● **Data to examine**
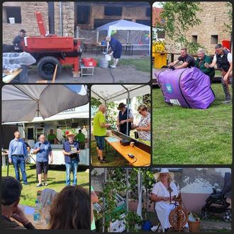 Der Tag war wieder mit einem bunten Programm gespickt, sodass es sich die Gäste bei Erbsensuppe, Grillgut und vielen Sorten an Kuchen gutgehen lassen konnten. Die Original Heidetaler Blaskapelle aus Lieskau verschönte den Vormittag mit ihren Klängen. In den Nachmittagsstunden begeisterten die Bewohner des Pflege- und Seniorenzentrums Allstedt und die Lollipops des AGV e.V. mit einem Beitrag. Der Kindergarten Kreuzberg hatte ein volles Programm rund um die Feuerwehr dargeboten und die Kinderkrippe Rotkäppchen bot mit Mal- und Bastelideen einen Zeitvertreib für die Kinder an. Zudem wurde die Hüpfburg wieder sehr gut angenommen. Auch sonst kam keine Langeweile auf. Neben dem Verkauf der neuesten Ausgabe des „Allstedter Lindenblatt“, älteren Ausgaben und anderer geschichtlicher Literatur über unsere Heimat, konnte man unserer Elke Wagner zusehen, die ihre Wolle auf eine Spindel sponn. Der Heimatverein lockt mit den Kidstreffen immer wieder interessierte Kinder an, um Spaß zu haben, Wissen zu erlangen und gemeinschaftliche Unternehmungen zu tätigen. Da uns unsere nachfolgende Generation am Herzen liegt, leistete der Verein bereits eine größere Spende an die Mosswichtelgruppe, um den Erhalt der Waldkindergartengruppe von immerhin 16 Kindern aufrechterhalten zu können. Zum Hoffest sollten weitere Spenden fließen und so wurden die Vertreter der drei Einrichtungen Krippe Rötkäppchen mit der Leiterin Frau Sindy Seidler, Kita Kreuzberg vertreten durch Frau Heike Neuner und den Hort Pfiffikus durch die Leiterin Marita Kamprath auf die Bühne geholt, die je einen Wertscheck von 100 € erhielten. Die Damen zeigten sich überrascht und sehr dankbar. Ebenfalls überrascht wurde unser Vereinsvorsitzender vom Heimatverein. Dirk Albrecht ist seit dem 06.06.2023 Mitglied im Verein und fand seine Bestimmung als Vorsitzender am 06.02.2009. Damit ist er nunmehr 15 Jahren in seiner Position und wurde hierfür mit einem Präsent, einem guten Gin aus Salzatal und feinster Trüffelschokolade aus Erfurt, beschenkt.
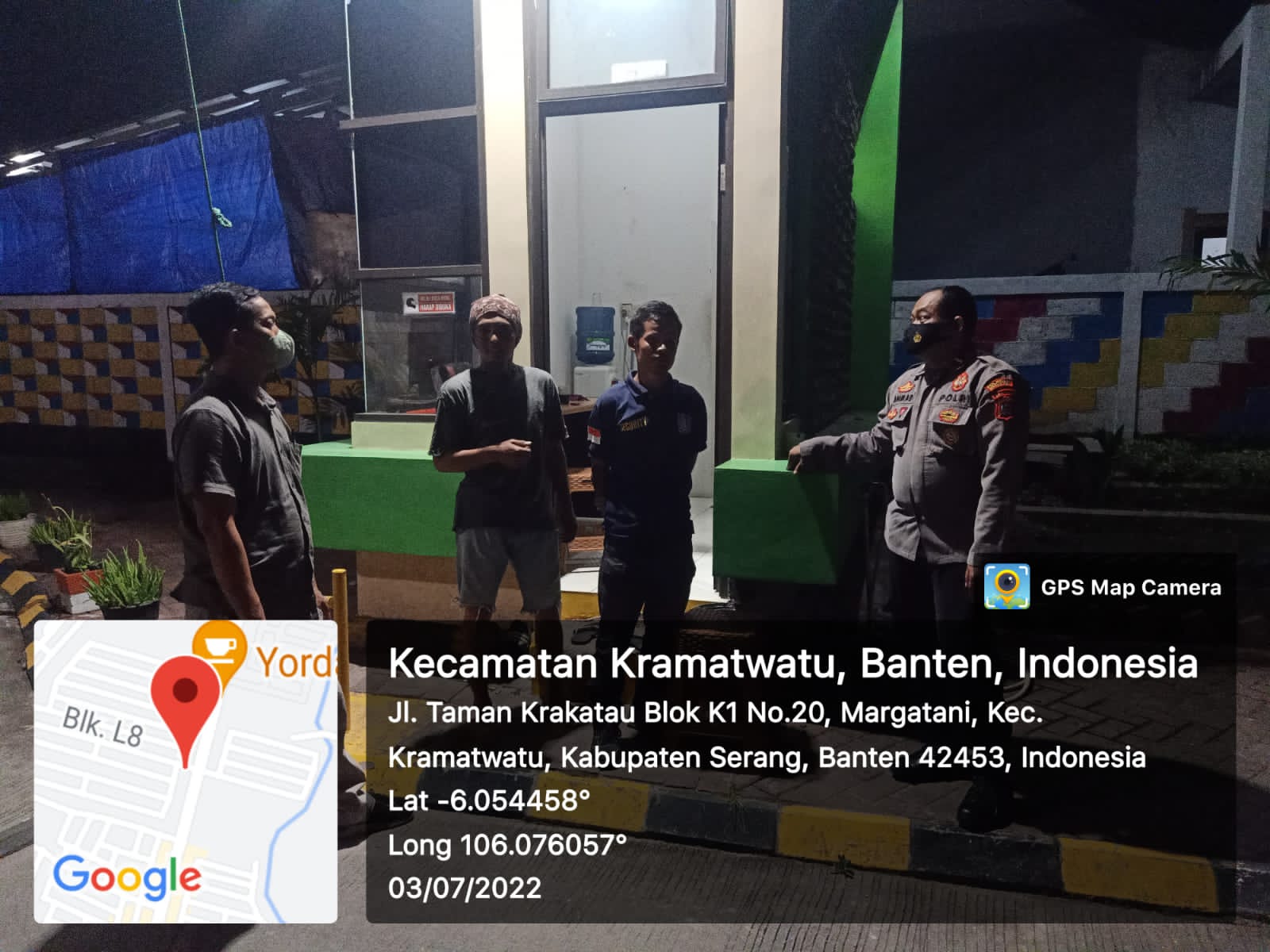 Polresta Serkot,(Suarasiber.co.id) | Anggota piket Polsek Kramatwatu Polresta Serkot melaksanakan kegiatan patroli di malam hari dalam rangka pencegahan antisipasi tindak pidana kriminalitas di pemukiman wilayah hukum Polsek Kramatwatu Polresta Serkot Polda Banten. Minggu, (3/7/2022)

* * *

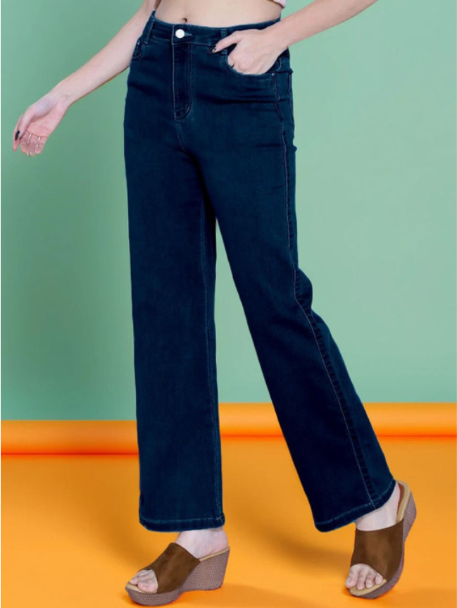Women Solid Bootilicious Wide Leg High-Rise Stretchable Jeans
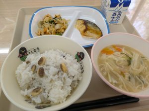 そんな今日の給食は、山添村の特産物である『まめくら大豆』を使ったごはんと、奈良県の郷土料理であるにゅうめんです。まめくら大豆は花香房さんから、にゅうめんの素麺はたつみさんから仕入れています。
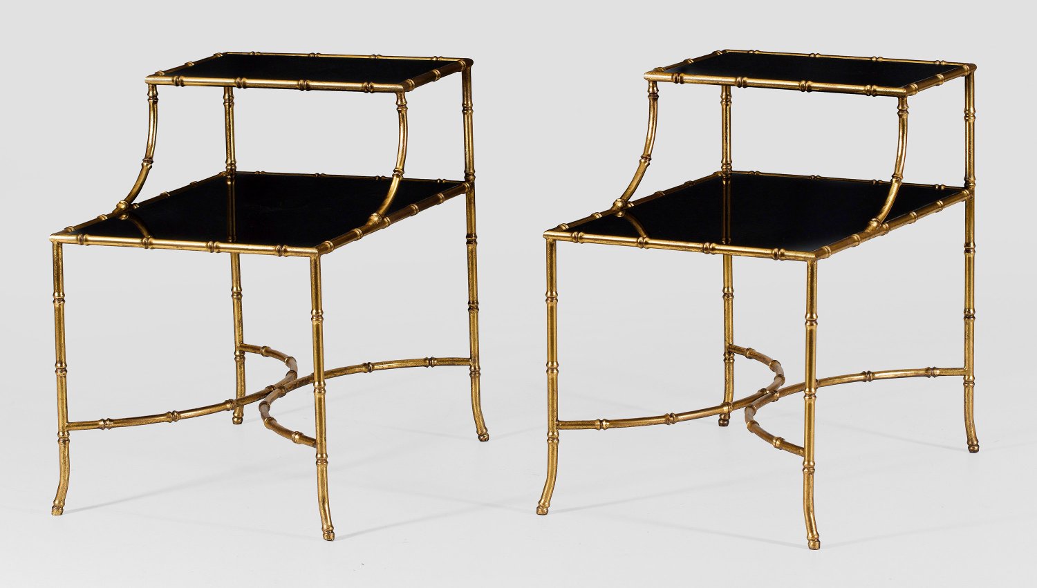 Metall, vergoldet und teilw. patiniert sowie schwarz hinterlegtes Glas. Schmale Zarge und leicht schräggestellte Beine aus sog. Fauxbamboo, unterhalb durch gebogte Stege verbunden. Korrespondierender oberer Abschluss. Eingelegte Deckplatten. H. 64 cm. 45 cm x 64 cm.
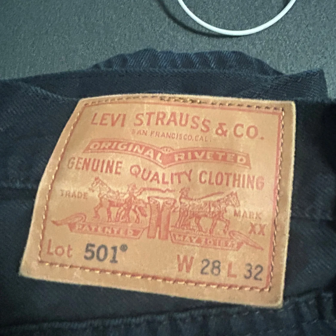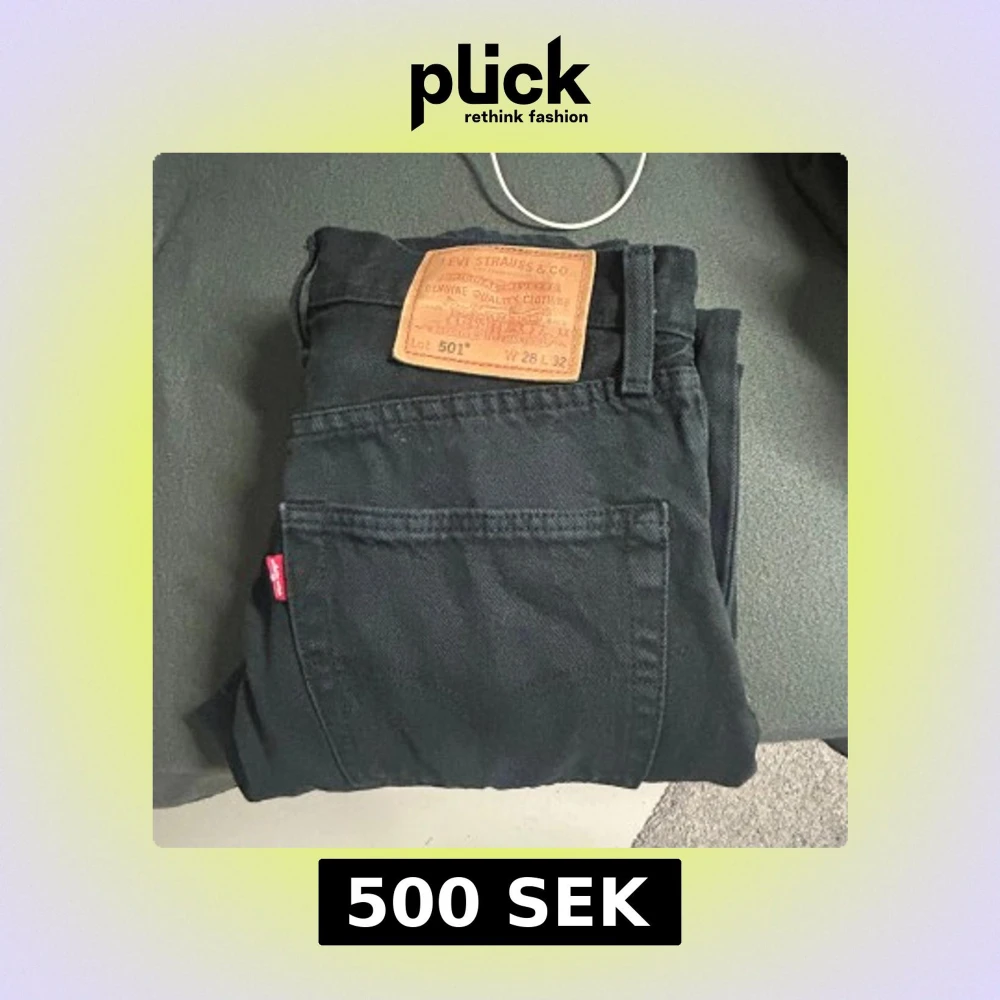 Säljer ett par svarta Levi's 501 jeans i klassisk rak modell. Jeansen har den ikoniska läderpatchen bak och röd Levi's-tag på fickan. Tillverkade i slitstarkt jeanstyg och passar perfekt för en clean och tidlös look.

...

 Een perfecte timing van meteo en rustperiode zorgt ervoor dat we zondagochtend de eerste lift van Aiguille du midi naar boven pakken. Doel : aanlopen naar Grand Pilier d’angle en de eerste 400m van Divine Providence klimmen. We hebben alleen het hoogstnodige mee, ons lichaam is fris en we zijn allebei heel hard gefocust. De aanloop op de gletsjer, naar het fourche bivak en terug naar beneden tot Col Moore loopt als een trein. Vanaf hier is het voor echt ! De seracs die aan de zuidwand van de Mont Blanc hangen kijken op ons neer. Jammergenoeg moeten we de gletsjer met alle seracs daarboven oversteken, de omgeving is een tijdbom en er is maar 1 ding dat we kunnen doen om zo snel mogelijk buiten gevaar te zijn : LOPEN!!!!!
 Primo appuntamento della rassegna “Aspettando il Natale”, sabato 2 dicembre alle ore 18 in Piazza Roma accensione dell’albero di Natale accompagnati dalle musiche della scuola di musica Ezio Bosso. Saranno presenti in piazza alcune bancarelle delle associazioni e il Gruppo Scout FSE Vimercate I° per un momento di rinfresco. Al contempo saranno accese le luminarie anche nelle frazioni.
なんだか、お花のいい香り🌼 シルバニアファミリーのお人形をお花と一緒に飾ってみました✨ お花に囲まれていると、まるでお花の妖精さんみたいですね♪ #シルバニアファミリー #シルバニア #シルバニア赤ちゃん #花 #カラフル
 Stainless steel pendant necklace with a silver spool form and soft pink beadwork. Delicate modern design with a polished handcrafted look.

● **Task brief**
Retype exactly the lines of the data above that fall between the line with "#シルバニア赤ちゃん #花 #カラフル" and the line with "Stainless steel pendant", inclusive, and add nothing.

● **Response below**
なんだか、お花のいい香り🌼 シルバニアファミリーのお人形をお花と一緒に飾ってみました✨ お花に囲まれていると、まるでお花の妖精さんみたいですね♪ #シルバニアファミリー #シルバニア #シルバニア赤ちゃん #花 #カラフル
 Stainless steel pendant necklace with a silver spool form and soft pink beadwork. Delicate modern design with a polished handcrafted look.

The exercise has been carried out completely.